▶ **Data extracts**:
# # # #

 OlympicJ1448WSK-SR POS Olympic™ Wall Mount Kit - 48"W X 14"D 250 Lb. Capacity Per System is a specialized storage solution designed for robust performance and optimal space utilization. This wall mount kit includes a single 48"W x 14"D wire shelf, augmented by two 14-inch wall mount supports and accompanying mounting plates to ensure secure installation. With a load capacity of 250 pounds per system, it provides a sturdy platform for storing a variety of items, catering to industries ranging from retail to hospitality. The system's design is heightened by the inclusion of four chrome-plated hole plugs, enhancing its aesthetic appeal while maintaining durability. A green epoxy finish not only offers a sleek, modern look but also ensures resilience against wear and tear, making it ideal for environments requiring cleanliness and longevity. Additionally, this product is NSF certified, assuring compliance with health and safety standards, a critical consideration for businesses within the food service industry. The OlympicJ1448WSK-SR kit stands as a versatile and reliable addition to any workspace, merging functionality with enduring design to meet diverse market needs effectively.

# # # #

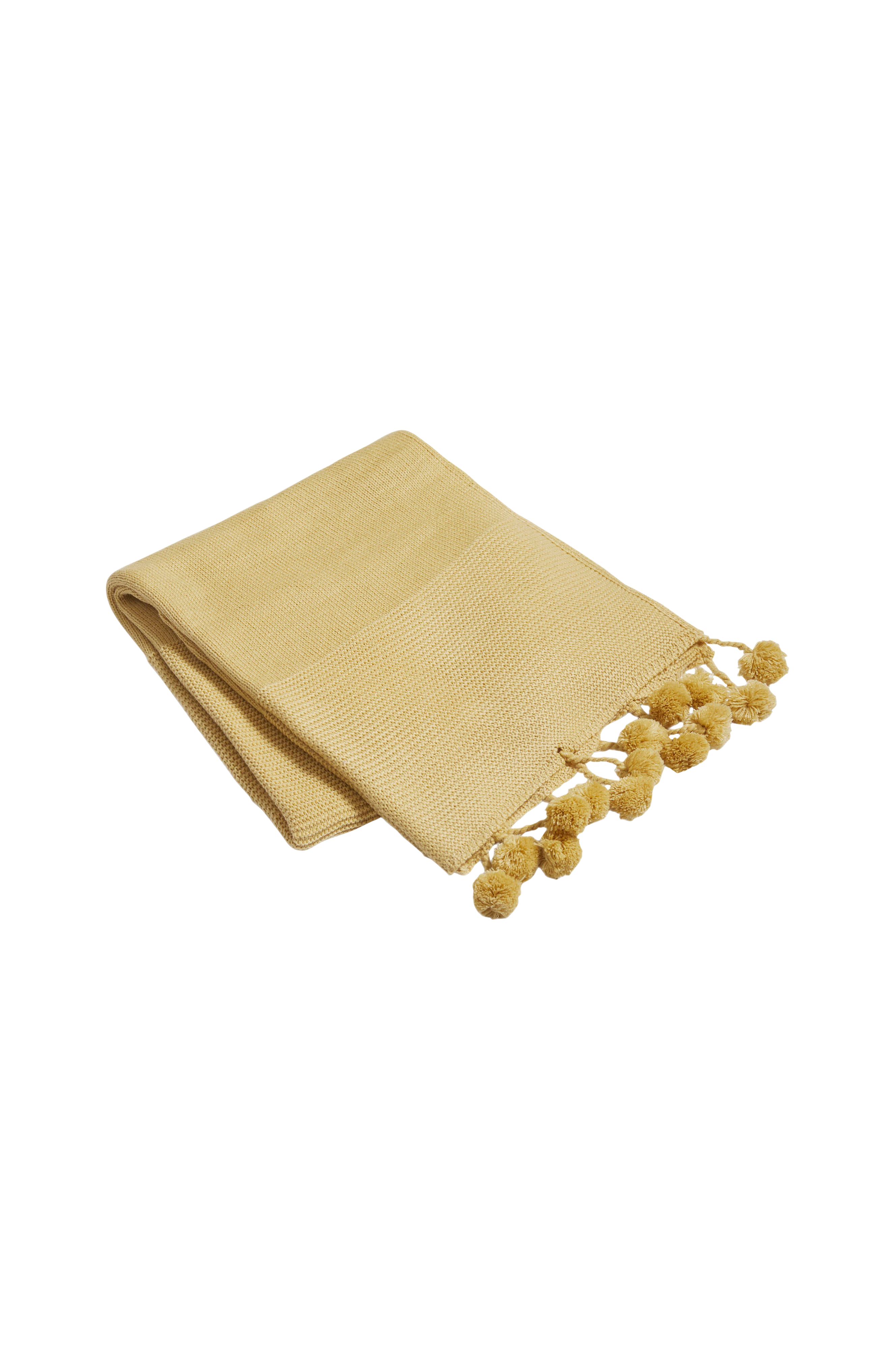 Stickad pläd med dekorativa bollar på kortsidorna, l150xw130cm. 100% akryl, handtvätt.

# # # #

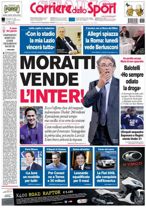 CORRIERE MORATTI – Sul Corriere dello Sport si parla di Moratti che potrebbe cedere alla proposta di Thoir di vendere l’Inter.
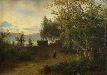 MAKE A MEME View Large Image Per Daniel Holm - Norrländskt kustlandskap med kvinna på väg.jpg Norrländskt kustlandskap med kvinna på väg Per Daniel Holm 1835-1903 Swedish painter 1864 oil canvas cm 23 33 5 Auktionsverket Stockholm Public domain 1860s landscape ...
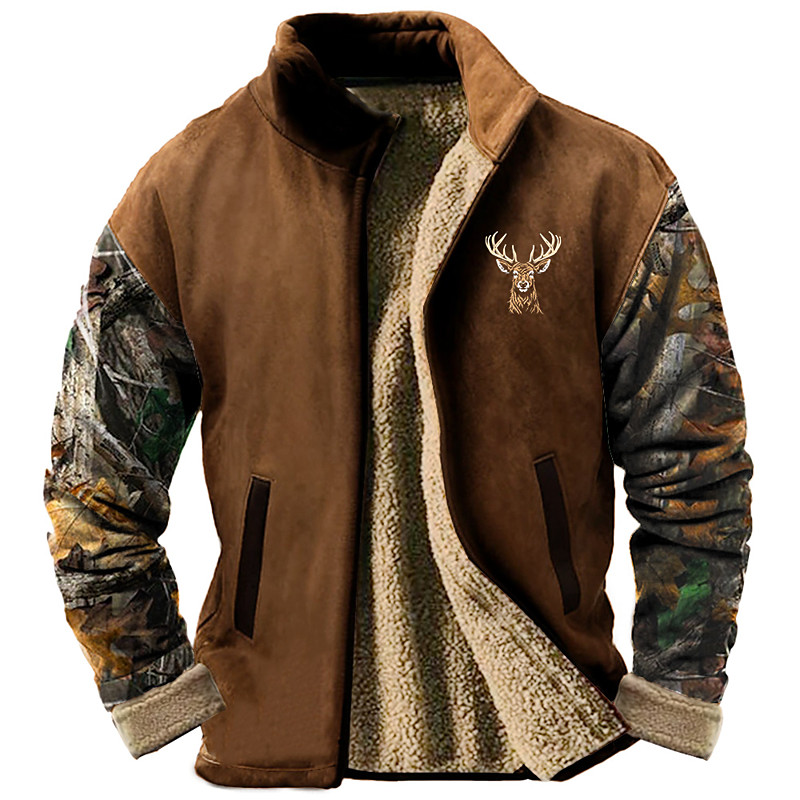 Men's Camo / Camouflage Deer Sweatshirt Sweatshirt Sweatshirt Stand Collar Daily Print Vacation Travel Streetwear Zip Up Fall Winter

# # # #

▶ **Problem requirements**:
Starting at the line containing "MAKE A MEME" and stopping at the line containing "Men's Camo /", output each line exactly as it appears above. Leave out the pictures.

▶ **Result for this task**:
 MAKE A MEME View Large Image Per Daniel Holm - Norrländskt kustlandskap med kvinna på väg.jpg Norrländskt kustlandskap med kvinna på väg Per Daniel Holm 1835-1903 Swedish painter 1864 oil canvas cm 23 33 5 Auktionsverket Stockholm Public domain 1860s landscape ...
 Men's Camo / Camouflage Deer Sweatshirt Sweatshirt Sweatshirt Stand Collar Daily Print Vacation Travel Streetwear Zip Up Fall Winter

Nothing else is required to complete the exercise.